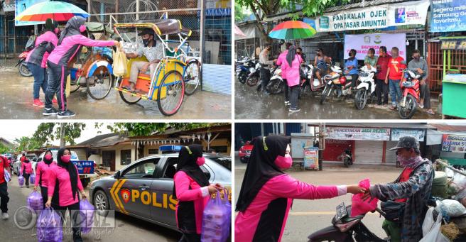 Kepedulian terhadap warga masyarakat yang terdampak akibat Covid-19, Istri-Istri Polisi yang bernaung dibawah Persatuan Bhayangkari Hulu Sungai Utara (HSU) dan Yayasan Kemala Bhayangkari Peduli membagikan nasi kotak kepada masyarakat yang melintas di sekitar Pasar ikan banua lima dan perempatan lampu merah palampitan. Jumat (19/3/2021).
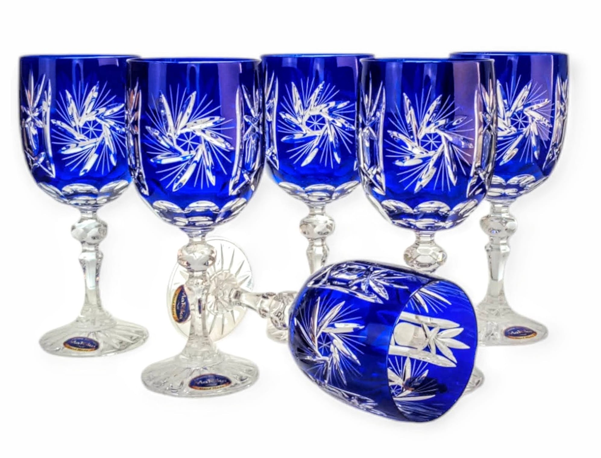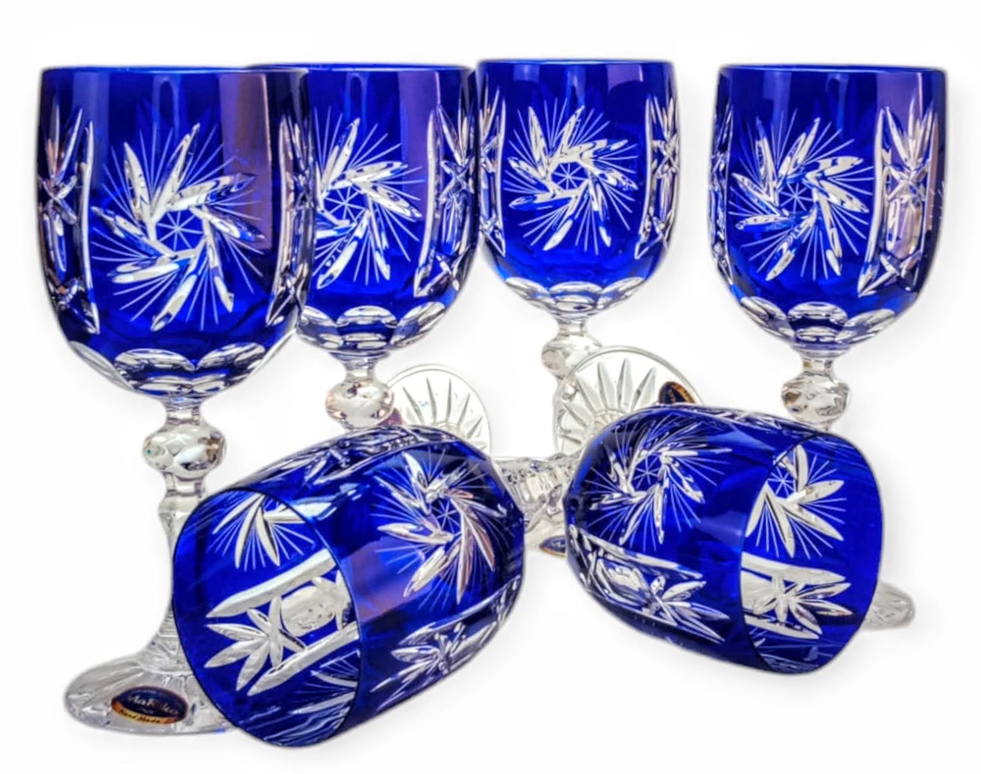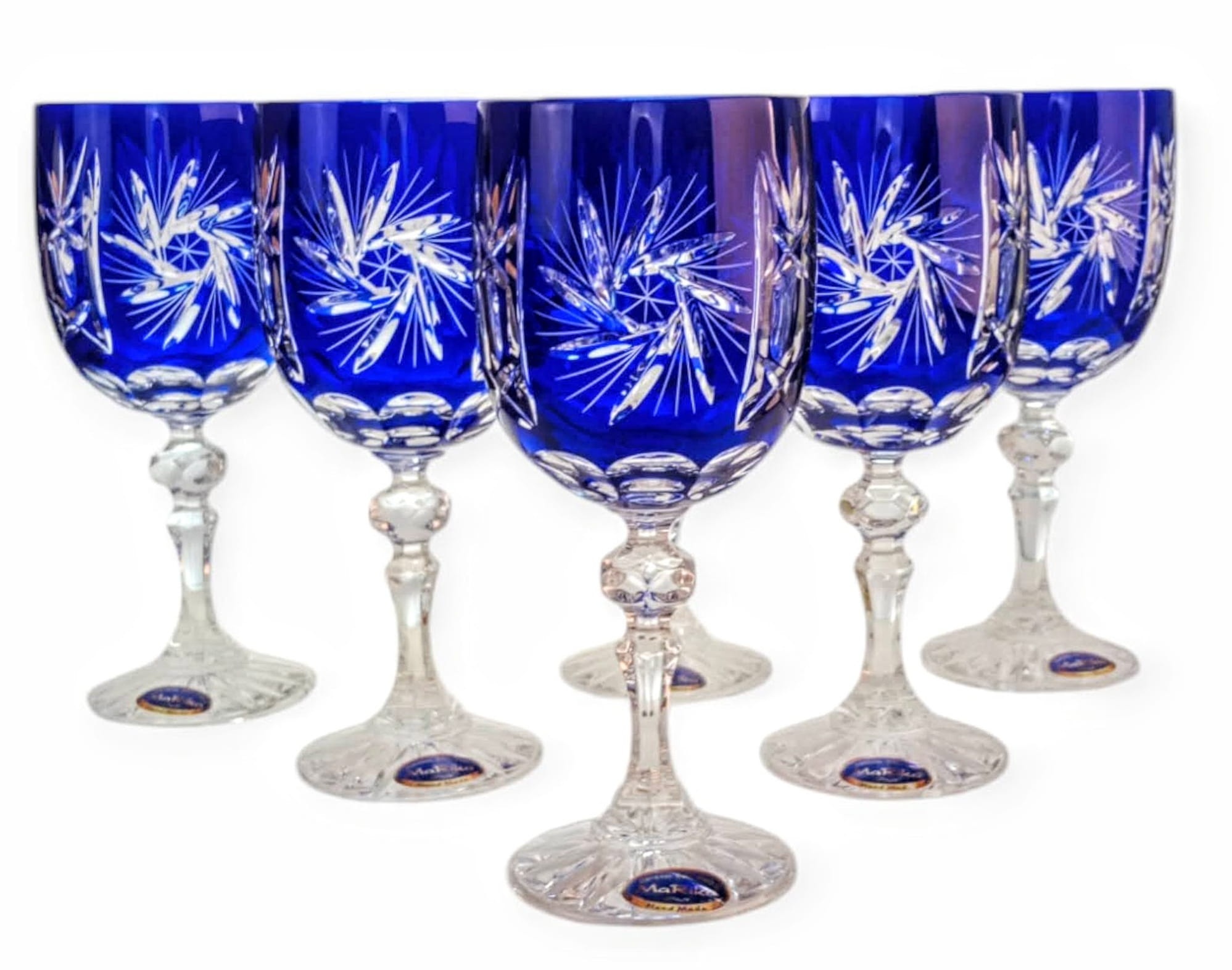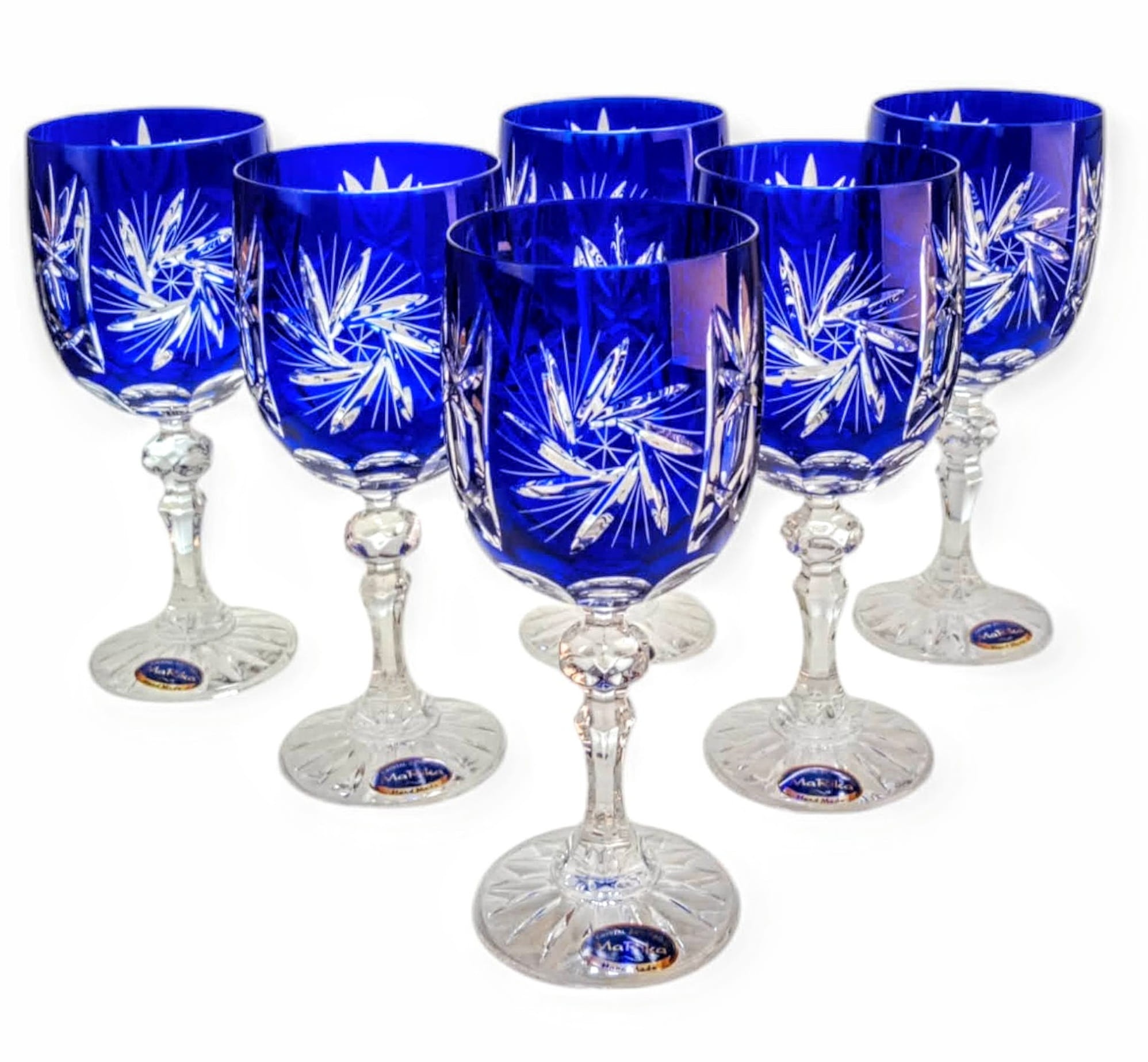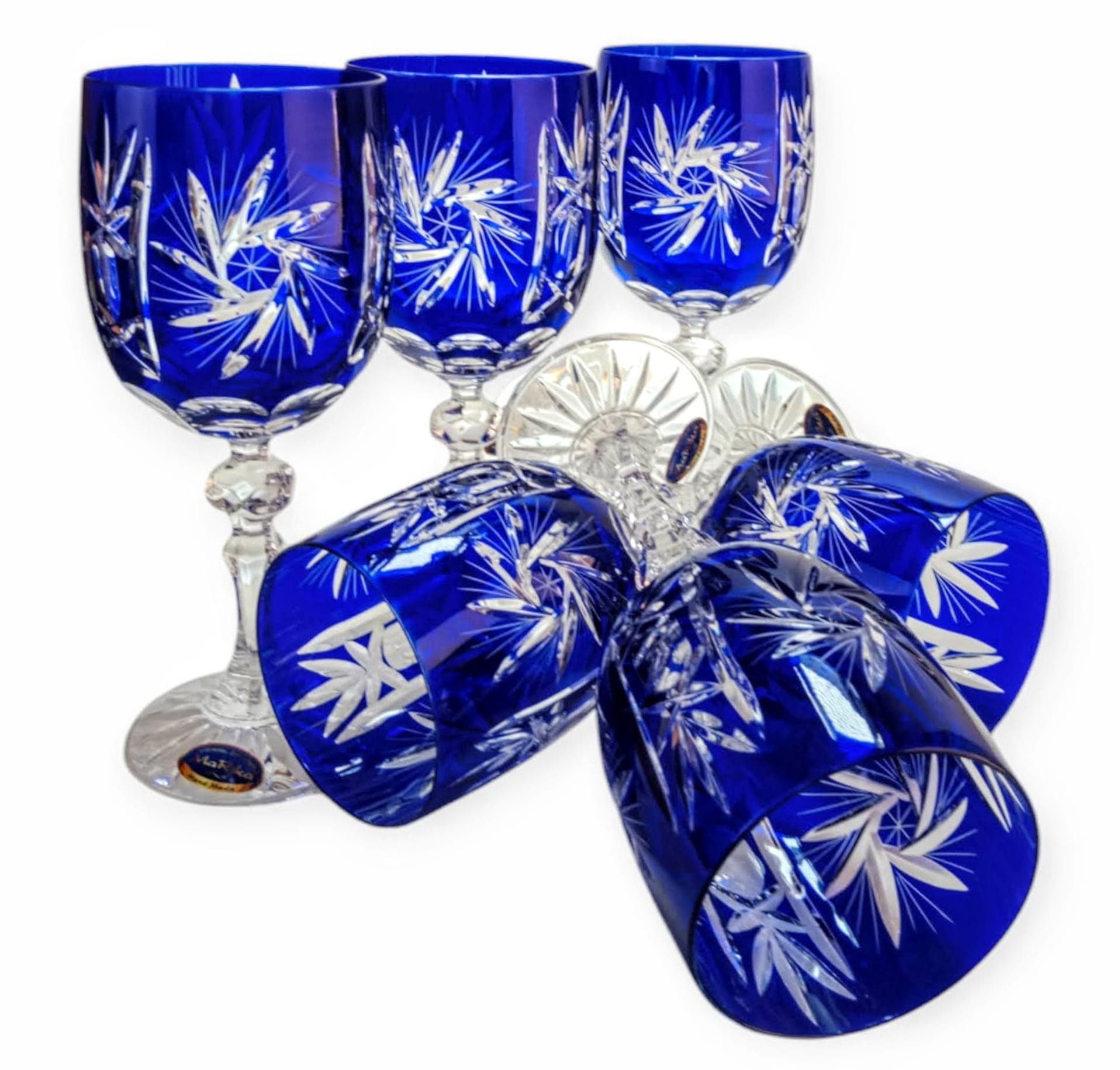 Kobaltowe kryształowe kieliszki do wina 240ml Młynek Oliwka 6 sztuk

* * *

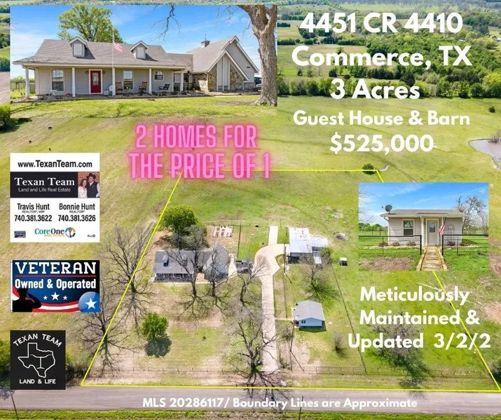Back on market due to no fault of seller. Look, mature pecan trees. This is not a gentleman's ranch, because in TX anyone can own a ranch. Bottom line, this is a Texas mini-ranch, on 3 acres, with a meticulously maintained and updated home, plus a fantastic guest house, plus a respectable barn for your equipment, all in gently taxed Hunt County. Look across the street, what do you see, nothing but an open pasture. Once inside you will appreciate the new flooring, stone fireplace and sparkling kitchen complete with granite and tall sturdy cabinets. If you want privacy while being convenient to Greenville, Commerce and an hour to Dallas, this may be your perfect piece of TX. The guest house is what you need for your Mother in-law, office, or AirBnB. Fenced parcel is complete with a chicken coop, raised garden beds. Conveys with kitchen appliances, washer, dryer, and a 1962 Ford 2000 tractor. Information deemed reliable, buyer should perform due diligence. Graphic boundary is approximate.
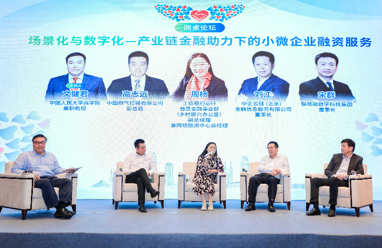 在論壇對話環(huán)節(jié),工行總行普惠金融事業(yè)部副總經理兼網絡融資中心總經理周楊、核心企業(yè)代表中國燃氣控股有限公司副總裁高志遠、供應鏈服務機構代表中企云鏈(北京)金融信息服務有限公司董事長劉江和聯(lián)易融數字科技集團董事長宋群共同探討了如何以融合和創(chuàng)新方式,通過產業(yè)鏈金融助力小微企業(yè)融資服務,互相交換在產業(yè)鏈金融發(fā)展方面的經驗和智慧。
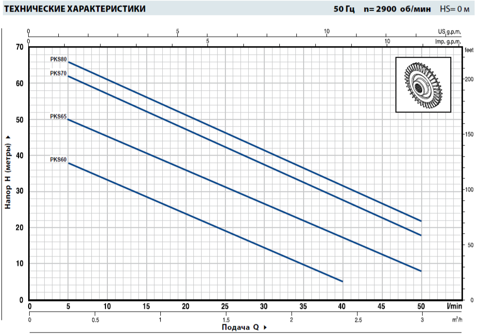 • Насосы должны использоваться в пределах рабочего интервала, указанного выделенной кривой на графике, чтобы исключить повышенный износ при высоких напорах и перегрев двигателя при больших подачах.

--

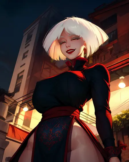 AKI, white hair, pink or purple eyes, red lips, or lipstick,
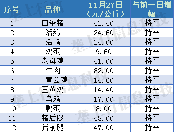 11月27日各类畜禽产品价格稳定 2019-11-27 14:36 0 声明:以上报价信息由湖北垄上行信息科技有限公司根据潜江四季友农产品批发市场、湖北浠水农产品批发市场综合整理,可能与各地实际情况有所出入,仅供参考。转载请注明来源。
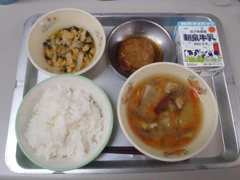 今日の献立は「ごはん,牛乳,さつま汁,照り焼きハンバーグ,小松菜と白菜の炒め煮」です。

What to do ::
Taking the entries above, extract every line from the one bearing "11月27日各类畜禽产品价格稳定 2019-11-27 14:36" through the one bearing "今日の献立は「ごはん,牛乳,さつま汁,照", exactly, with no pictures.

Written solution ::
 11月27日各类畜禽产品价格稳定 2019-11-27 14:36 0 声明:以上报价信息由湖北垄上行信息科技有限公司根据潜江四季友农产品批发市场、湖北浠水农产品批发市场综合整理,可能与各地实际情况有所出入,仅供参考。转载请注明来源。
 今日の献立は「ごはん,牛乳,さつま汁,照り焼きハンバーグ,小松菜と白菜の炒め煮」です。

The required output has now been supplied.